When AIMMS is solving on my machine, it consistently uses a little over 21% of the total CPU capacity. Is it possible to let AIMMS use more than this?
EDIT: After investigating a little more, the ‘problem’ occurs while AIMMS is building the model. CPU usage during the solve is harder to observe since it is quite quick. The CPLEX 20.1.sta file shows that it prepares to use up to 8 threads.
Best answer by Marcel HuntingView original
There is no way to force them to use more, which wouldn’t accomplish anything anyway. AIMMS would use more CPU if it needed to.
One thing you can check is the option global_thread_limit which controls the number of CPU cores that AIMMS (and the solver) can use.
@LowBjorn , During which part of running your AIMMS project is the CPU usage around 21%?
For the solving part, it depends on the problem type and solver whether multiple threads (and therefore more CPU) will be used. The solvers CPLEX and Gurobi use as many threads as possible by default, but, e.g., the solver CONOPT uses only one thread per default.
When solving a LP problem only one thread will be used if CPLEX or Gurobi uses the simplex algorithm, but multiple threads will be used when they use the barrier or concurrent algorithm.
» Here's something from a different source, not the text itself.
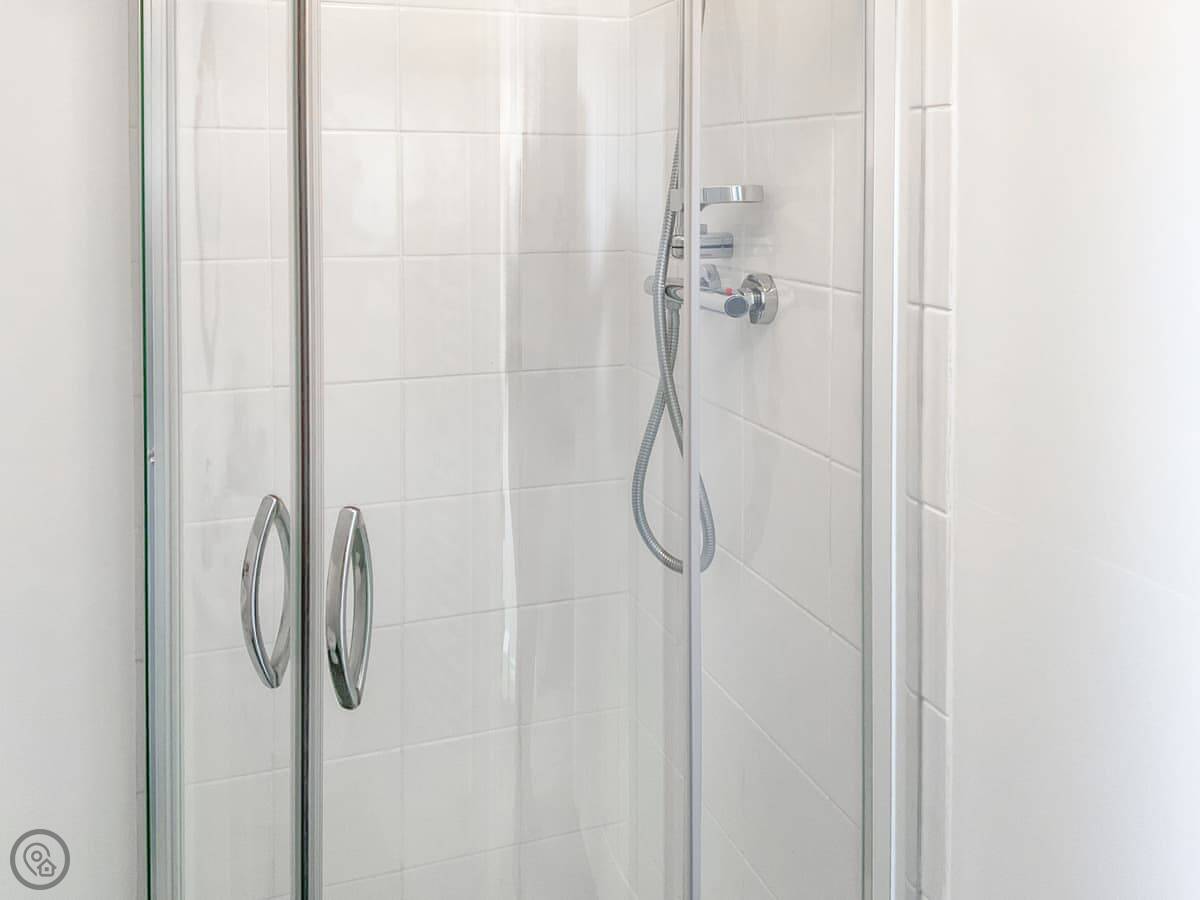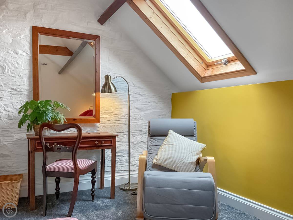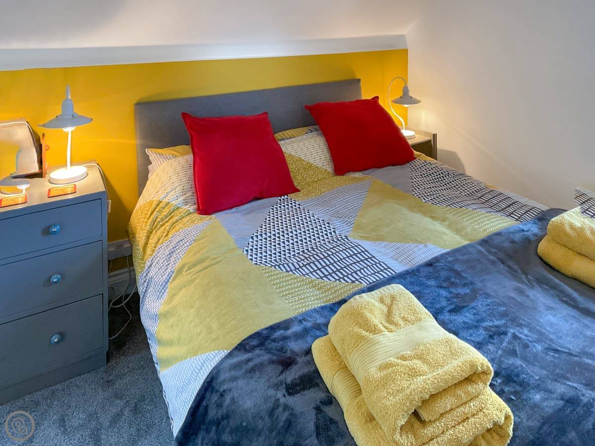 It's a one-bedroom place for two people. There's a wood burner in the main room. The stairs go up to the bedroom, which has a kingsize bed. The bathroom has a shower. It's got a 4 Star rating, so it's comfortable and well kept.

When solving a MIP problem multiple threads are typically only used if multiple (unexplored) branch-and-bounds nodes are available. Mostly only one thread will be used while solving the root node of a MIP problem.
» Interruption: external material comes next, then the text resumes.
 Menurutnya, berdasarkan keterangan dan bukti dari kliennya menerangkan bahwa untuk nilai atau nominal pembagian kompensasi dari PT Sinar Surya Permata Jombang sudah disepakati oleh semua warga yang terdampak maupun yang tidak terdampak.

It would be useful to enable solver logging to get more insight on what the solver is doing while CPU usage is around 21%. How to switch on solver logging is described in this How-To article.
Can AIMMS use more resources in this case? My overall aim is to find out if there are throttles on performance that I could possibly undo.
Parallelization of the AIMMS Engine is an ongoing (development) effort, and therefore the AIMMS Engine will not use multiple threads in all situations. AIMMS will only use one thread for model generation.
If you want to improve the performance of your AIMMS model then it would be useful to try the AIMMS Profiler. That way you can pinpoint the bottlenecks in your model.